Companies attempting to successfully implement data governance programs are faced with the fact that individual data stewards work within different business silos or system groups. Often, their efforts are not as coordinated as they could be, and sometimes they dont even know whom the other data stewards are that they should be communicating with. In two previous articles, Agile Data Governance: The Key to Solving Enterprise Data Quality Problems, and Seven Steps to Agile Data Governance, we discussed processes for streamlining data governance. This article is about how organizations that are implementing data governance programs can use new Web 2.0 and other collaboration tools to significantly move the productivity dial by improving communications across geographic, project, business, organizational, system, language and time zone boundaries.
Data steward teams already utilize various technologies to help them identify data patterns, anomalies and other data quality issues. In addition to data tools, data stewards also need tools to help them coordinate efforts, communicate more effectively and achieve better results. These Web 2.0 and collaboration tools, which tend to be readily available, easy to implement and simple to use, make the data stewards job easier while contributing substantive data quality improvements. Theyre also no big secret. Many IT professionals are already utilizing technologies such as wikis, tags, blogs and mashups to communicate and collaborate. They just arent using them in a coordinated way to address data governance issues, which can be easily changed.

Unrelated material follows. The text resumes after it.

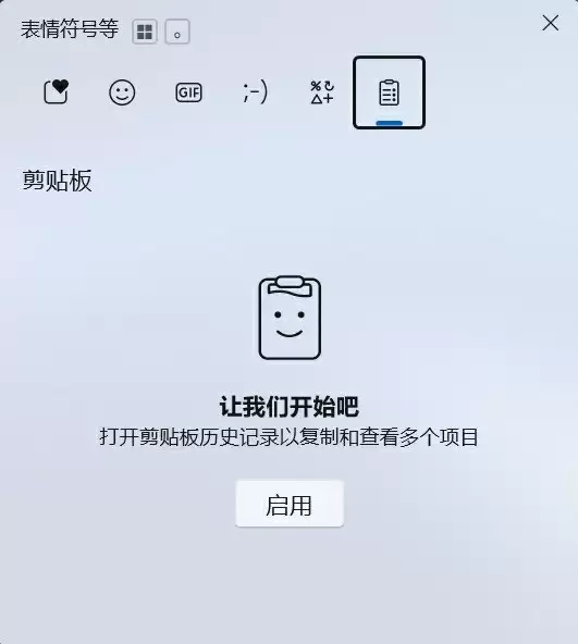 所以,使用剪贴板功能之前,一定要先按下Windows+V,并手动点击“启用”,激活剪贴板功能。

When used strategically, Web 2.0 and other collaboration technologies easily and cost-effectively streamline the data governance process.
Wikis
Wikis are open, Web-based forums that help participants communicate and collaborate more effectively. Wikis are the perfect place for companies to document information about data governance projects as well as other cross-functional or cross-organizational projects. Data governance teams can easily leverage wikis to streamline communications across the enterprise. A data governance wiki is an ideal place for data stewards to have an open online dialogue that can be captured in a collaborative fashion.
A data governance wiki is the best forum for reviewing and refining data policies as well as documenting the evolution of these policies throughout a project. Often, policies become static and dont have the impact they should have because, once finalized, they become documents that are simply filed away somewhere and rarely used. Policies that are managed in wikis can be actively used, reviewed and refreshed by critical members of the data governance team. Wikis can also be the repository for documenting data quality problems and tying those problems to the policies governing the data (see tagging below).
In addition, wikis can be invaluable for managing the evolution and dissemination of a companys business rules as well as documenting decision-making rights for specific data. They provide a central location where data stewards and other IT people from around the company can view rules and evaluate whether they are upholding them. Wikis can also be used to define roles and responsibilities and members of decision-making groups, such as the data governance board or an implementation team. Information about board or team members can be posted with links to photos and information about members that is stored in the corporate directory. Meeting minutes, project plans and timelines can also be included here.
Tagging
Also known as folksonomies and social classification, collaborative tagging is a great way for people to create their own annotations and descriptors about a given subject. Popular examples of sites that use tags include Digg, De.licio.us, Diigo and Ma.gnolia. These sites all enable users to create their own taxonomy of terms and tag content (and bookmarks) with these terms, which can then be used to find other content that share the same tags.
Tagging creates a semantically rich environment where people can define problems from the bottom up using their own words instead of relying on a top-down, set list of predefined terms. This allows the nuances of a data problem to be defined by creating many different tags for a problem. Because tagging is a user-driven approach to organizing content, one data steward might tag a data quality problem as a message fault, another may see it as a data quality issue and another may identify it as a data validation problem. If someone is attempting to fix a problem and they perform an analysis on the systems involved, they could discover causal correlations through tag analysis. For example, they might discover that every time a data validation error is tagged, there is also a tag issued for a message fault and for data quality. This discovery could result in a dialogue between the three analysts that would help to better resolve the issue.